2.3 Large Language Models and Human Behavior

Generative agents leverage a large language model to power their behavior. The key observation is that large language models encode a wide range of human behavior represented in their training data. If prompted with a narrowly defined context, the models can be used to generate believable behavior. Recent work has demonstrated the efficacy of this approach. For instance, Social Simulacra used a large language model to generate users that would populate new social computing systems to prototype their emergent social dynamics. This approach used a prompt chain to generate short natural language descriptions of personas and their behaviors as they appear in the system being prototyped. Other empirical studies have replicated existing social science studies, political surveys, and generated synthetic data. Large language models have also been used to generate interactive human behavior for users to engage with. In gaming, for instance, these models have been employed to create interactive fiction and text adventure games. With their ability to generate and decompose action sequences, large language models have also been used in planning robotics tasks. For example, when presented with a task, such as picking up a bottle, the model is prompted to break down the task into smaller action sequences, such as heading to the table where the bottle is located and picking it up.

We posit that, based on the work summarized above, large language models can become a key ingredient for creating believable agents. The existing literature largely relies on what could be considered first-order templates that employ few-shot prompts or chain-of-thought prompts. These templates are effective in generating behavior that is conditioned solely on the agent’s current environment (e.g., how would a troll respond to a given post, what actions would a robot need to take to enter a room given that there is a door). However, believable agents require conditioning not only on their current environment but also on a vast amount of past experience, which is a poor fit (and as of today, impossible due to the underlying models’ limited context window) using first-order prompting. Recent studies have attempted to go beyond first-order prompting by augmenting language models with a static knowledge base and an information retrieval scheme or with a simple summarization scheme. This paper extends these ideas to craft an agent architecture that handles retrieval where past experience is dynamically updated at each time step and mixed with agents’ current context and plans, which may either reinforce or contradict each other.

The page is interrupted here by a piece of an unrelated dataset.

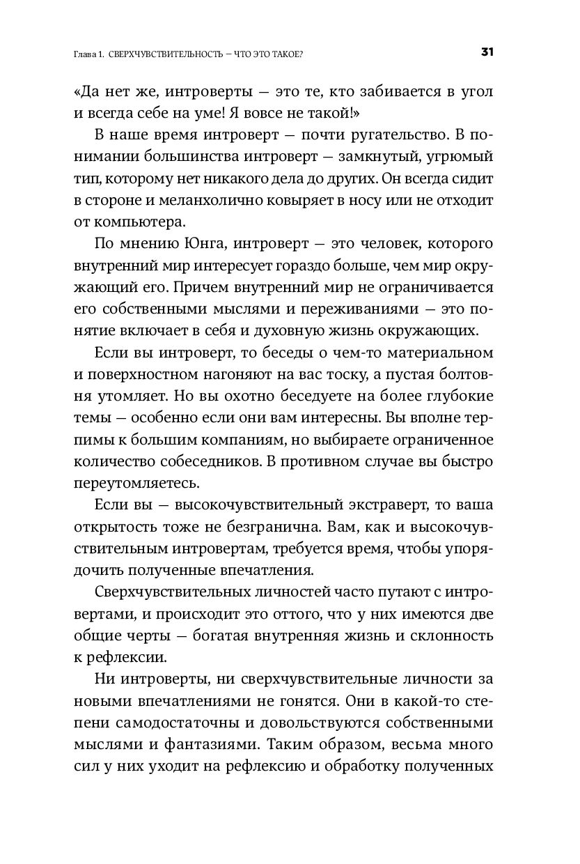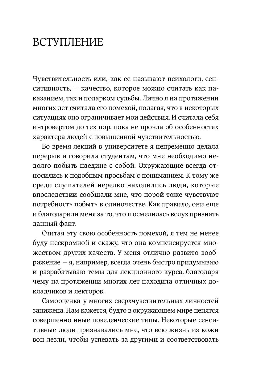 Илсе Санд, датский писатель и дипломированный психотерапевт, на собственном опыте постигшая все тяготы и радости жизни высокочувствительных людей, рассказывает, как новые интроверты, наконец, могут перестать пытаться перестроить себя и начать жить в свое удовольствие в гармонии с собой и своими чувствами.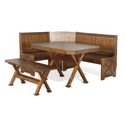 • Benjara Reggie 4pc Breakfast Nook Dining Table Set, Corner Storage Bench Brown image - 1

3 GENERATIVE AGENT BEHAVIOR AND INTERACTION

To make concrete the affordances of generative agents, we instantiate them as characters in a simple sandbox world reminiscent of The Sims. This sprite-based sandbox game world, Smallville, evokes a small town environment. In this section, we walk through the affordances and interactions with generative agents in Smallville, and describe how the agents behave in it. Then, in Section 4, we introduce our generative agent architecture that powers these affordances and interactions. In Section 5, we describe the sandbox environment implementation and how the agents interact with the sandbox world’s underlying engine.

image02 ▲ Figure 2: The Smallville sandbox world, with areas labeled. The root node describes the entire world, children describe areas (e.g., houses, cafe, stores), and leaf nodes describe objects (e.g., table, bookshelf). Agent remember a subgraph reflecting the parts of the world they have seen, in the state that they saw them.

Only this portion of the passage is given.